Likewise, you can also modify the default response actions for all steps. Unlike the request defaults where values are merged together for each step, response values will only be applied if no response/actions element is specified for a step.
As mentioned above, the default options for response validation include a check for status: 200
. You change this behavior
by overriding the response defaults.
examples/request-defaults.yml
defaults:
response:
- not: "An Error Occurred"
steps:
- http://httpbin.org
- http://httpbin.org/404
Normally the second step would have failed (because httpbin.org will return a 404 error code), however in this case, we setup a default validation rule to be that the page may not include the text "An Error Occurred". Setting up this default rule removed the existing default status-code check.
NOTE: If you wish to remove the default status code check but do not want to add any other rules, just set defaults.response to an empty array.
defaults:
response: []
Regex validation
request: http://www.nodejs.org
response: /simple web server/i
Regex actions (delimited by the '/' characters around the text) are a shortcut for
{ regex : { pattern : "...", options : ".." } }
.
Regex actions also match against the response content, but may contain wild-cards, patterns, captures, and other options.
NOTE: If your regex pattern contains certain character combinations, it may invalidate the YAML syntax of the script (for example ": " in the middle of the pattern or other special YAML characters). In that case, you can always enclose your pattern in double or single quotes and it will still be treated as a regex as long as it still looks like "/regex/options".
In this example the case insensitive option is specified with the /i option. Valid regex options are "g" (global), "i" (case-insensitive), and "m" (multi-line).
Writing your scripts in JSON
Of course, JSON is also valid YAML, so if you roll that way, this script is equivalent to the previous one.
[
{
"request": "http://httpbin.org/get",
"response": { "status": 200, "on_success": "json_post" }
},
{
"request": "http://httpbin.org/get",
"response": "This request should not get executed"
},
{
"name": "Form Post",
"request": {
"url": "http://httpbin.org/post",
"method": "POST",
"form": {
"message": "But this one does"
}
}
}
]
I like JSON-- a lot... but after typing all of those symbols the YAML starts looking nicer and nicer. You can even mix and match JSON and YAML within a single script, so you can achieve that perfect blend of short and sweet vs. explicit syntax in your recipes...
Session data
request:
url: http://httpbin.org/post
method: POST
form:
username: <% username %>
password: <% password %>
Hyperpotamus supports the idea of a session. Sessions are name->value stores that are used to collect and re-use information
as your script is processed. Notice those <% .. %>
macros? <% username %>
means: Take whatever value is stored in the
session under the key "username" and insert it.

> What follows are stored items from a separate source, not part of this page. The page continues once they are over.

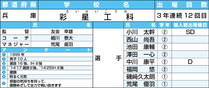【高校選抜2026】男子:彩星工科<兵庫>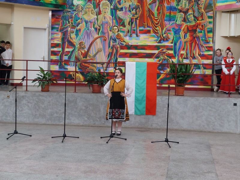 Празничен концерт по случай националния празник на България - 3 март, се състоя във форума на ОУ "Елисавета Багряна". Събитието бе наблюдавано с интерес от директора на училището ни г-жа Величка Христова и заместник директорите Марияна Иванова и Радослава Георгиева, от ученици, учители, родители и гости.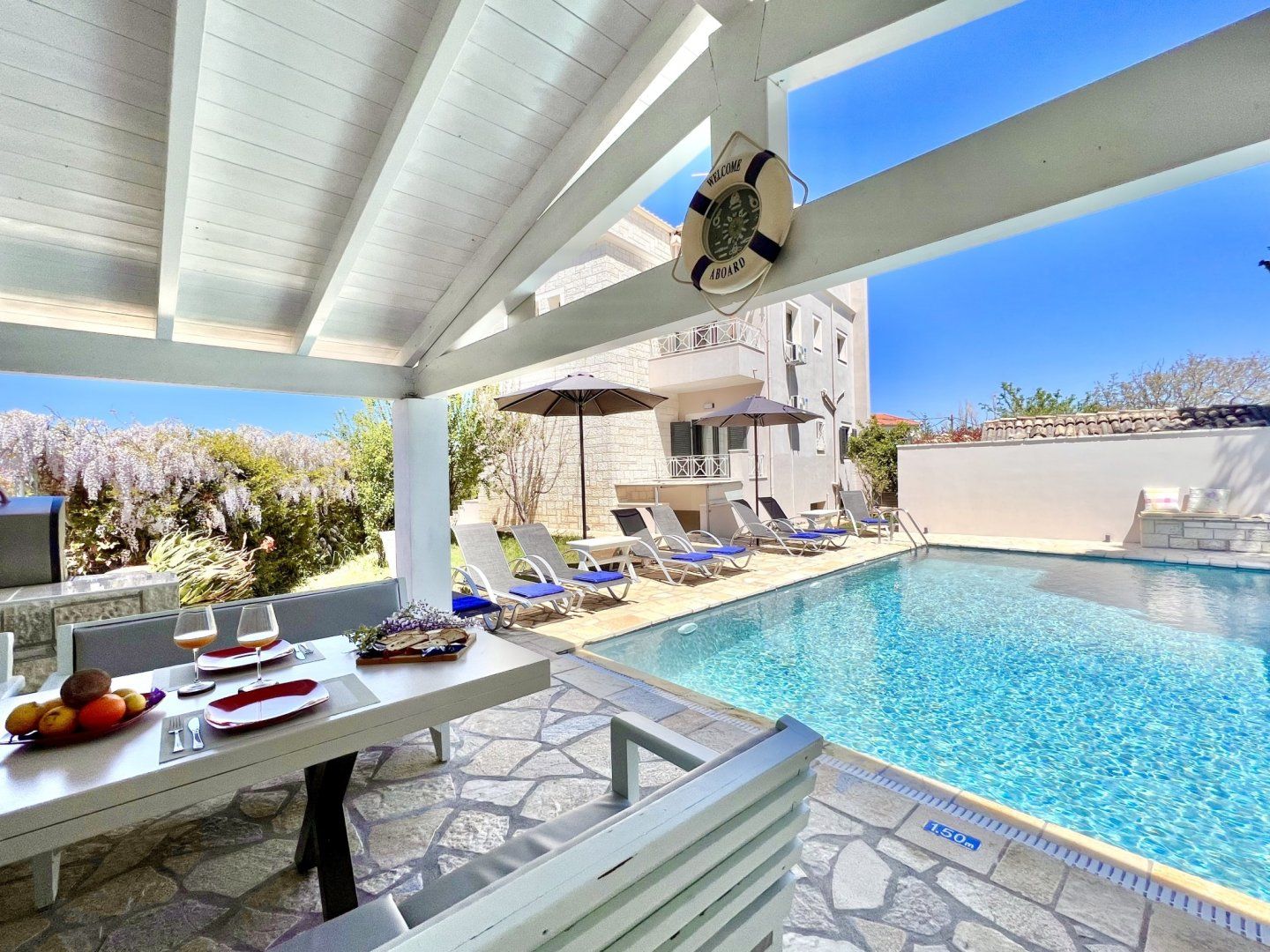 If the Greek sun becomes a bit too much, a dip in the sparkling pool will leave you feeling refreshed in no time. Standing out from the crowd is our favourite spot – the undercover terrace. Equipped with a barbecue, second kitchen and sweet seating, it makes for wonderful days and evenings dining alfresco. Imagine the homemade treats you could rustle up here – a place to make memories, seasoned with joy and laughter.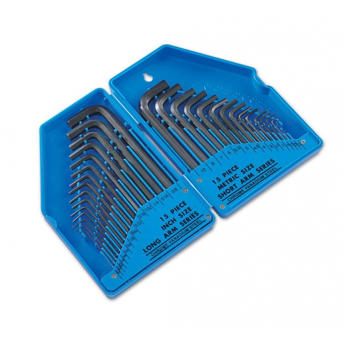 Inch maten met lange sleutels: Inbus 0.028 - 0.035 - 0.05 - 11/16 - 5/64 - 3/32 - 7/64 - 1/8 - 9/64 - 5/32 - 3/16 - 7/32 - 1/4 - 5/16 - 3/8.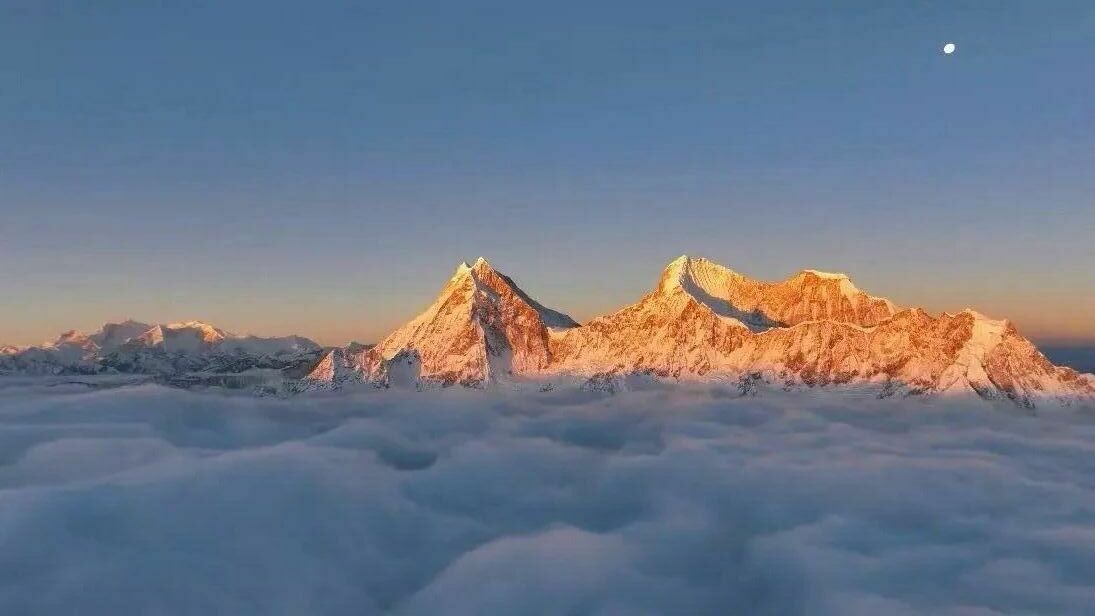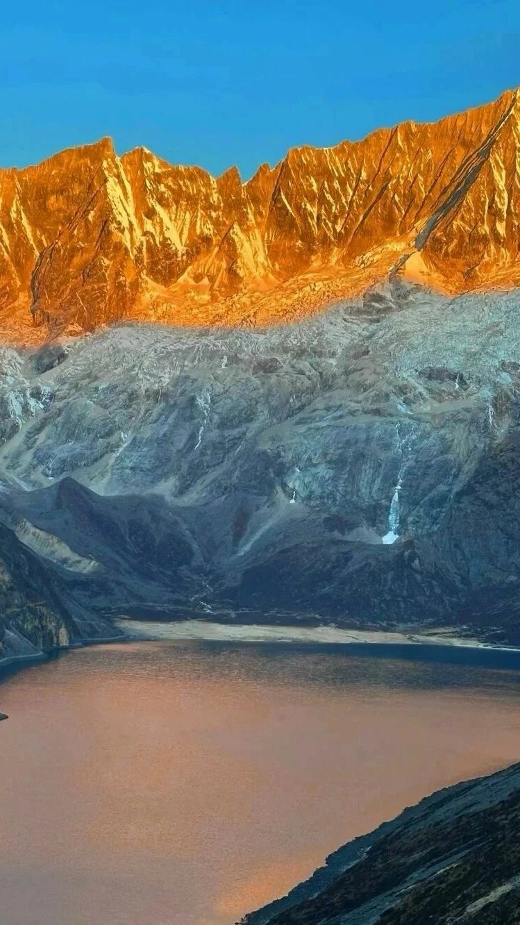 当阳光照耀山川,那是独属于雪山的浪漫✨ 亲眼目睹雪山被阳光洗礼的那一刻,才懂为何人人痴迷日照金山。我想,如若幸运有颜色,那一定是这抹耀眼的金色!被金光笼罩的瞬间,鸡皮疙瘩掉满地,好运直接焊在身上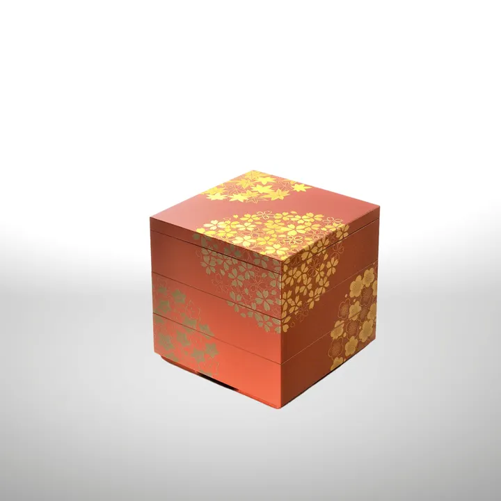花丸春秋三段重 4.0寸(12×12×12cm)古代朱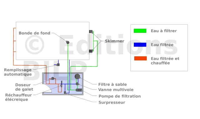 Pour que les machines soient sollicitées au minimum, il est essentiel de placer le moteur au niveau de la piscine, de préférable sur le même plan que les voies de sortie et d’entrée d’eau du bassin.
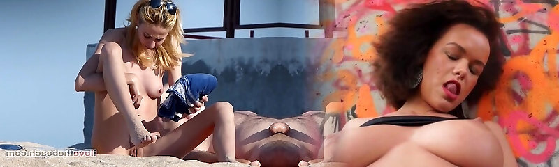 Hot beach handjob scene of torturing naked woman jerking husband.s penis
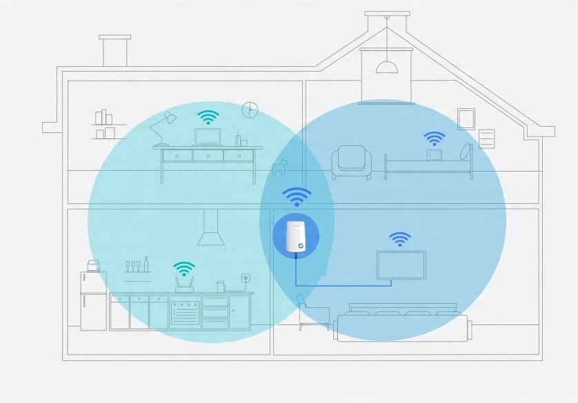 Усилитель оснащен 5 светодиодами, показывающими силу принимаемого беспроводного сигнала, что помогает определить подходящее место для размещения устройства для достижения максимального радиуса действия и производительности беспроводных соединений.

Session data can be passed into hyperpotamus as query-string encoded name/value pairs.
hyperpotamus sample.yml --qs "username=pmarkert&password=secret"

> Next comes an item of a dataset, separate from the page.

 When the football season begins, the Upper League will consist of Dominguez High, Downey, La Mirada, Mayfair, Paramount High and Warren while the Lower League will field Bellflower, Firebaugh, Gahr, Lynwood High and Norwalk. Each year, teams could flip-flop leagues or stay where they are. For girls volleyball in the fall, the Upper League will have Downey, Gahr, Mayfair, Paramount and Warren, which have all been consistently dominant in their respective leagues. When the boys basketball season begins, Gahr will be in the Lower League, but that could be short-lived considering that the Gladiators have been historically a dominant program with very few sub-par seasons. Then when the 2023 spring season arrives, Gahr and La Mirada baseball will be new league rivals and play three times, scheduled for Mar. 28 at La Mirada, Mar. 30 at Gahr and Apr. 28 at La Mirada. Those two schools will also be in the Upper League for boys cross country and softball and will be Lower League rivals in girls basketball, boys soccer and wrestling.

Session data can also be read in from a .csv file and your script will be executed once for each record in the file.
hyperpotamus sample.yml --csv users.csv
Capturing data from the response
In many cases, you want to capture parts of the response either for reporting at the end of your script, or for use in
subsequent steps. Captured values are stored in the session so that they can be replayed with <% .. %>
macros.
Capturing using regex
request: https://github.com/pmarkert/hyperpotamus
response:
- /latest commit <span.+?>(:<latest_commit>.+?)</span>/
- emit: Latest commit is <% latest_commit %>
Named captures allow you to extract data from the web-page by matching content
and extracting data into the session using the capture name as the session key. (:<group>...)
would save the matched
portion of the response into session so that it can be used as <% group %>
. In this example, <% latest_commit %>
is
captured from the response.
NOTE: By default, only the first match is captured. Adding the /g option at the end of the regex will cause all instances to be captured into an array. (See below for more about arrays and iteration).
Capturing with jquery
- request: https://www.npmjs.com/package/hyperpotamus
response:
- jquery: "ul>li:contains('downloads in the last month') strong"
capture:
last_month: text
- emit: Hyperpotamus has been downloaded <% last_month %> times in the past month.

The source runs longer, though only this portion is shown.